Come and Find Me A Novel of Suspense - By Hallie Ephron Page 0,42
again, and into the vestibule rolled a wheelchair. Sitting in it was the hunched-over figure of a woman. She was pitched forward as if straining to see, her clawed hand gripping the joystick on the arm of the chair.
Diana pulled the stairwell door open and stepped out.
“Nadia?” The woman propped herself up against her chair arm with one elbow and offered her other hand. “I’m Pam. Dr. Pamela David-Braverman if you want to get technical about it.”
“You’re a physician?” Diana asked, grasping Pam’s cool, stiff hand.
“You bet.” Pam’s mouth opened in a generous smile. Despite braided white-white hair, Pam’s smooth, unlined face suggested she was barely forty.

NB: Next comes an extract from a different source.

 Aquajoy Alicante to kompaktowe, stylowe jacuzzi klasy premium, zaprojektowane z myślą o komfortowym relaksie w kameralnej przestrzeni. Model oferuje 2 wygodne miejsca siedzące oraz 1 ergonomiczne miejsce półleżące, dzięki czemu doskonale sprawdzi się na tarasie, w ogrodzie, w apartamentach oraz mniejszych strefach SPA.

“I’m Diana. Diana Highsmith.”
The elevator door began to close, but before it could do so, Pam backed her wheelchair into the opening. The door crashed into it and rebounded. Then a buzzer started to ring. Pam seemed unfazed.

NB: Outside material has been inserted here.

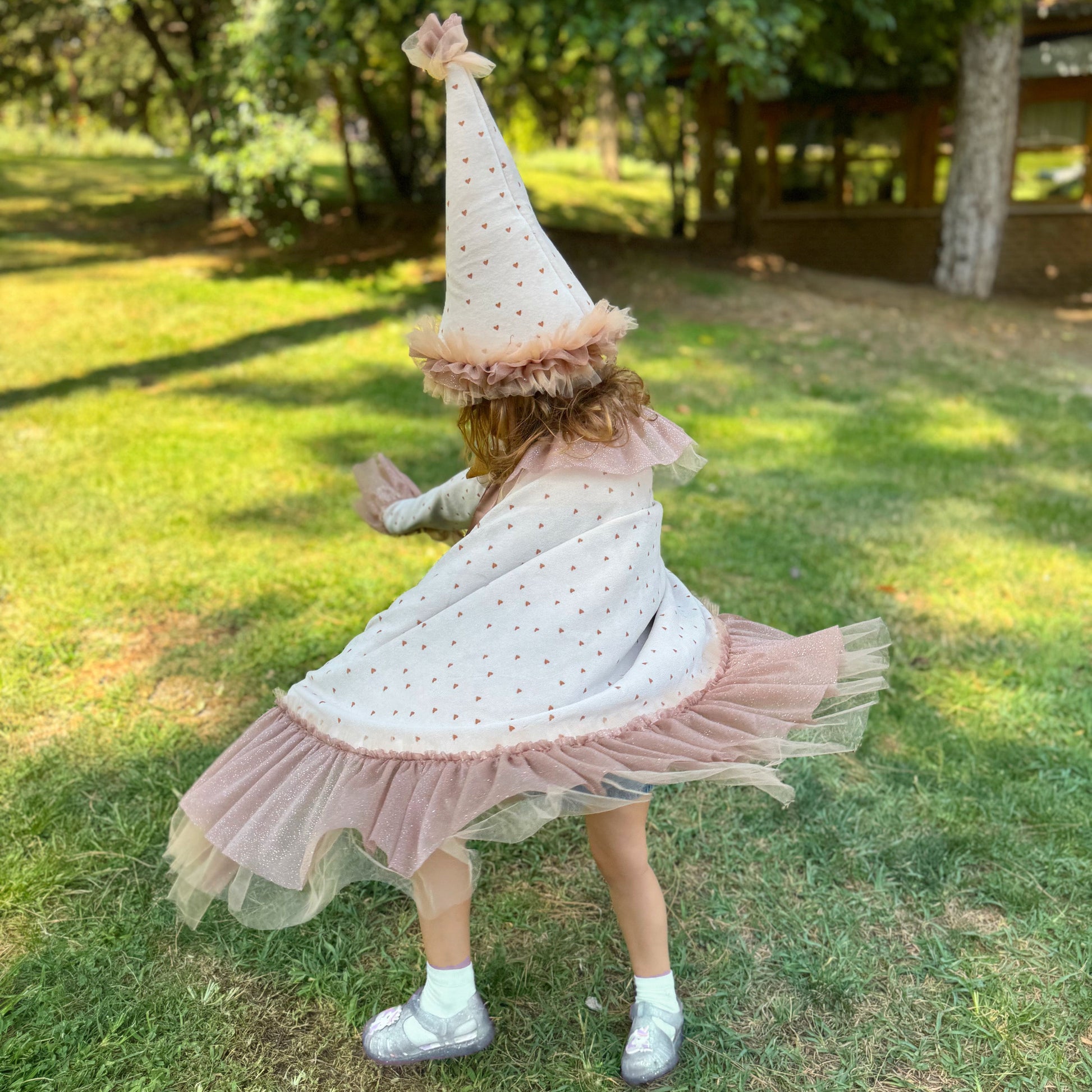 Setin tamamlayıcı parçası olan büyücü şapkası ise tütü dokusuyla başında hafif bir peri tozu gibi durur… Doğum günleri, fotoğraf çekimleri veya hayal gücüyle dolu oyun saatleri için kusursuz bir eşlikçi.

“Your car is okay parked where it is for now—until the parking Nazis arrive in the morning. Then I’ve got a resident permit we can leave on the dash.” As Pam talked, Diana could feel her sharp gaze picking her apart—as if she were being autopsied. Pam must have recognized the leather jacket and red boots as part of Nadia’s getup. “Let’s go up.” Pam backed the wheelchair up a bit to make room for Diana to slide past.
When Diana hesitated, Pam said, “There was a guy inspecting this thing a few weeks ago. It might look like shit but it runs. Otherwise, it’s five long dark flights up. I understand they’ve had a problem with homeless people sneaking in and harvesting lightbulbs. But hey, it’s your call.”

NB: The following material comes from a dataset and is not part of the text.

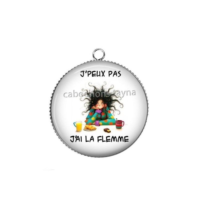 Cabochon Verre - j'peux pas j'ai la flemme Agrandir l'image
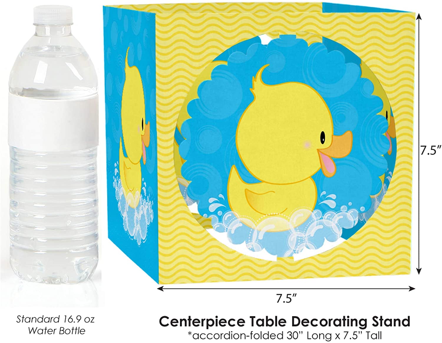• Ducky Duck party decoration kit SIZE 1 Accordion-Folded Centerpiece (may also be formed into a cube using the included stickers), 30" long x 7.5" tall; 2 Scalloped Centerpiece Stands, 5.5" wide x 5.75" tall; 12 Scalloped Table Confetti Circles, 2.5" diameter; and 24 Round Table Confetti Circles, 1.5" diameter. The unique design and variety of pieces makes this baby duck party decoration kit an impressive addition to any baby shower or birthday party.

Pam backed the wheelchair up farther to make more room. Diana stepped into the elevator and pressed her shoulder against the wall as the door clanked shut.
Pam tipped her chair back so it balanced on its two oversize wheels. She raised the seat and pushed the button for the fourth floor.
“This new wheelchair has changed my life,” Pam said as the seat lowered. With a groan the elevator started to ascend. “Stays charged for a week. Turns on a dime. Even climbs stairs.” Pam reached for Diana’s hand, and Diana knew her friend was chattering away to help Diana stay calm.
Finally the elevator stopped and they got out. One of the doors on the dark corridor stood open. Pam rolled toward it. The raucous sound of a bird singing leaked from inside.
“That’s a clock,” Pam said, tossing the words back over her shoulder. “My sister’s idea of a Christmas present. She’s into clocks. She also gave me one shaped like a hen that clucks on the hour and lays an egg. That one’s still in the box.”
“My sister’s into dietary supplements,” Diana said, following close behind. “And body lotions.”
“Equally useful, I’m sure, but not nearly as charming.”
The birdsong clock turned out to be hanging on one of the cavernous apartment’s bare brick walls. The multipaned windows looked as if they’d been original to this turn-of-the-century manufacturing complex. Diana had read enough local history to know that it would have once been waterfront property before landfill extended Boston’s shoreline.
Waist-high bookcases divided the space. Scanning them, Diana saw mostly medical texts and travel books, including a guide to trekking in Tibet and Bill Bryson’s book on walking the Appalachian Trail. Tucked in also was a well-worn copy of Heidi.
Flowering plants—including African violets in a range of colors and shapes that Diana had never seen before—and framed photos lined the top shelves. One of the pictures was of a little dark-haired girl of about eight with huge eyes who smiled at the camera from a wheelchair. The two adults, a man and a woman standing beside her and beaming, were probably Pam’s parents.
Against the back, windowless wall was a bed and about ten feet of built-in closet with a rod chest-high. Computers in a setup that rivaled Diana’s own were arrayed in a front corner under a window. Pam’s wheelchair, with its black-cushioned seat and leather armrests, was the ideal desk chair.
Once inside, Pam rode smoothly, despite the uneven pine-plank floors. The chair must have had shock absorbers, maybe even a gyroscope to keep it so perfectly balanced.
Sitting on a cushy white couch accented with hot-pink and deep purple silk throw pillows and drinking a cup of dark, smoky oolong tea that Pam prepared for her, Diana told Pam about Ashley’s disappearance and apparent reappearance. Pam listened, absorbing each revelation as if she were listening to the weather report.